EXERCISE DESCRIPTION ▸
Although pictures appear in the data, the answer should contain only the lines from its start through the line with "public int solution(int[][]", written out exactly.

DATASET EXCERPT ▸

■ ■ ■

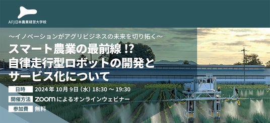 「スマート農業の最前線!?自律走行型ロボットの開発とサービス化について」日時:2024年10月9日(水) 18:30~19:30
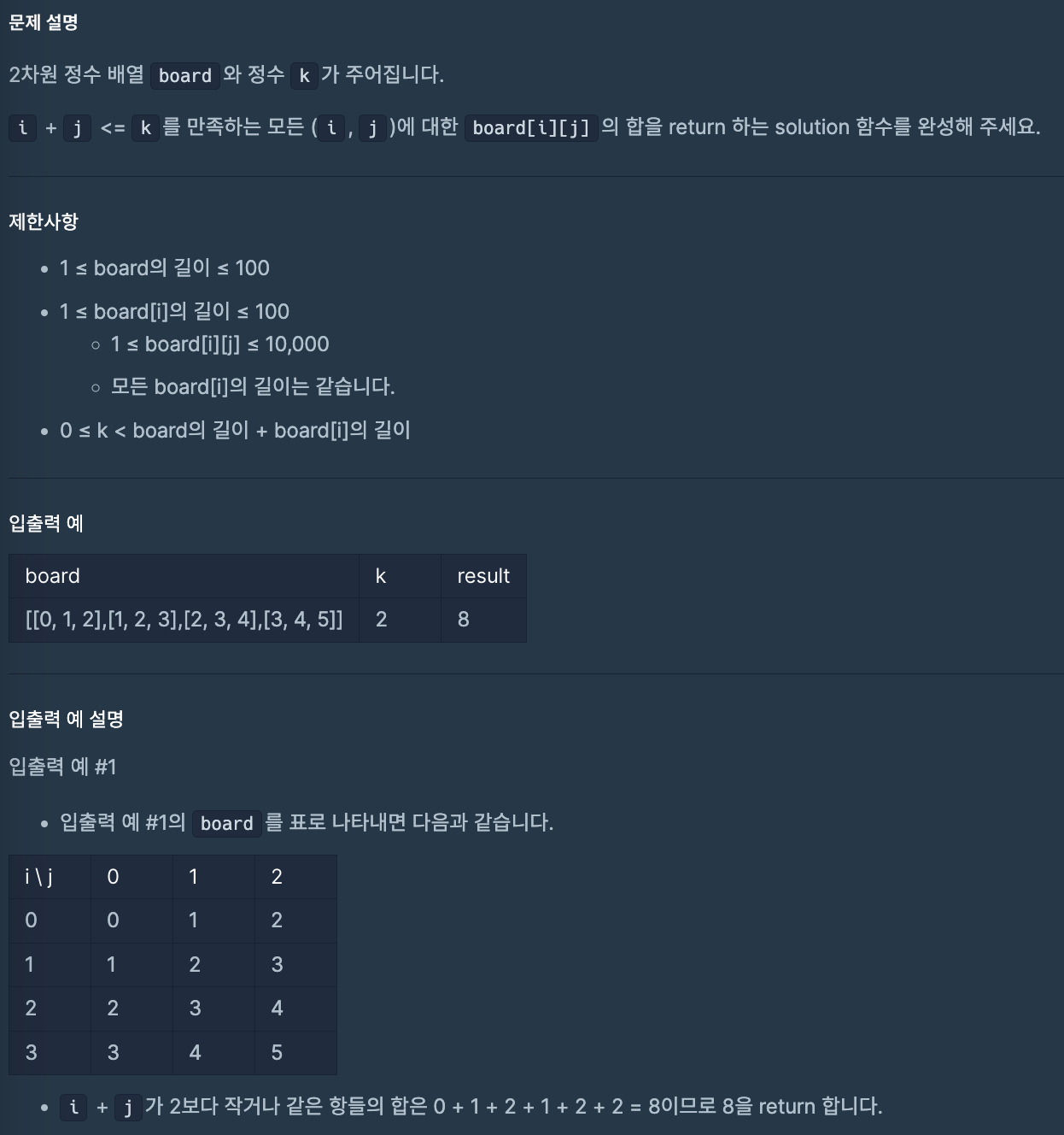 public int solution(int[][] board, int k) {
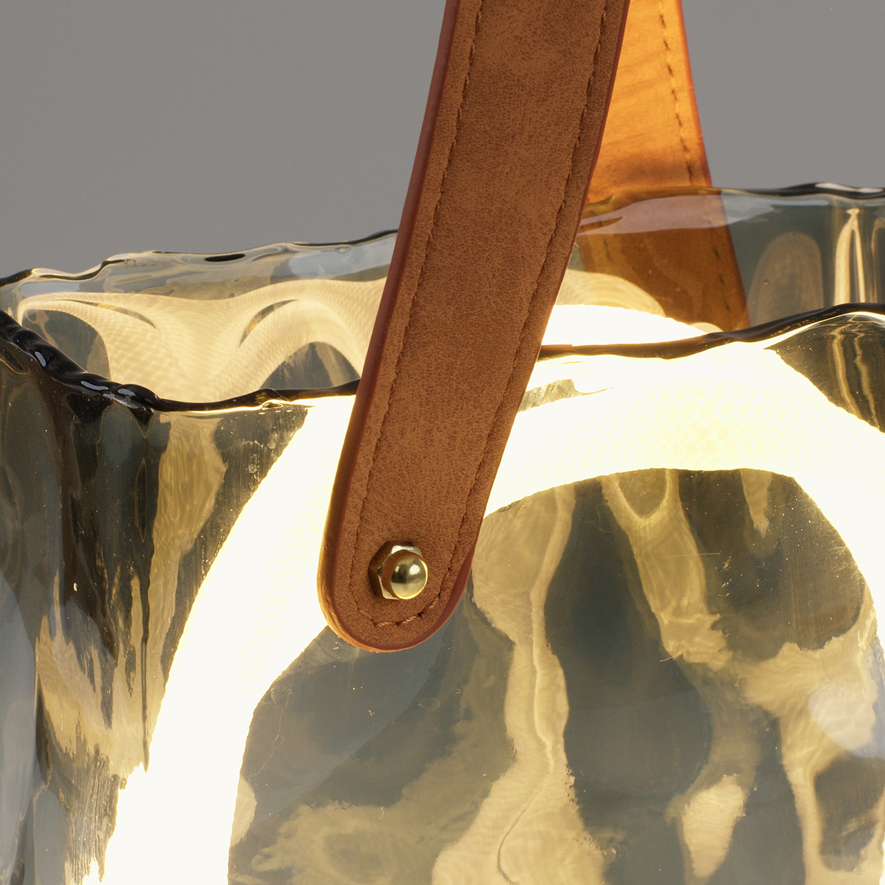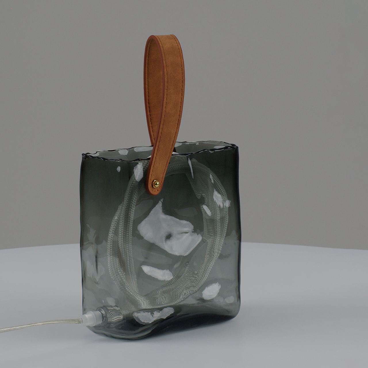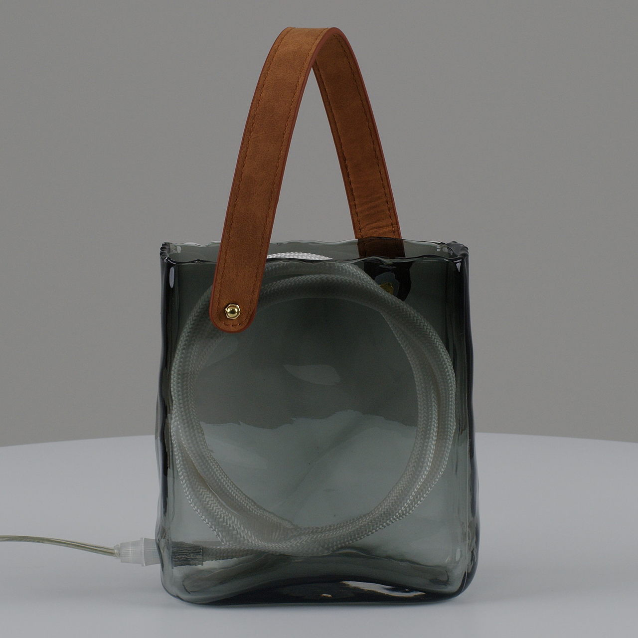 Настольная лампа Bag сразу привлекает внимание необычной формой — она выполнена в виде дизайнерской сумки с глянцевым стеклянным корпусом и ручкой. Сквозь прозрачные волны стекла просвечивает гибкая неоновая лента, создающая мягкое, тёплое свечение и эффект живого света. Лампа выглядит словно арт-инсталляция, объединяя эстетику и практичность.

■ ■ ■

ANSWER FOR THIS EXERCISE ▸
 「スマート農業の最前線!?自律走行型ロボットの開発とサービス化について」日時:2024年10月9日(水) 18:30~19:30
 public int solution(int[][] board, int k) {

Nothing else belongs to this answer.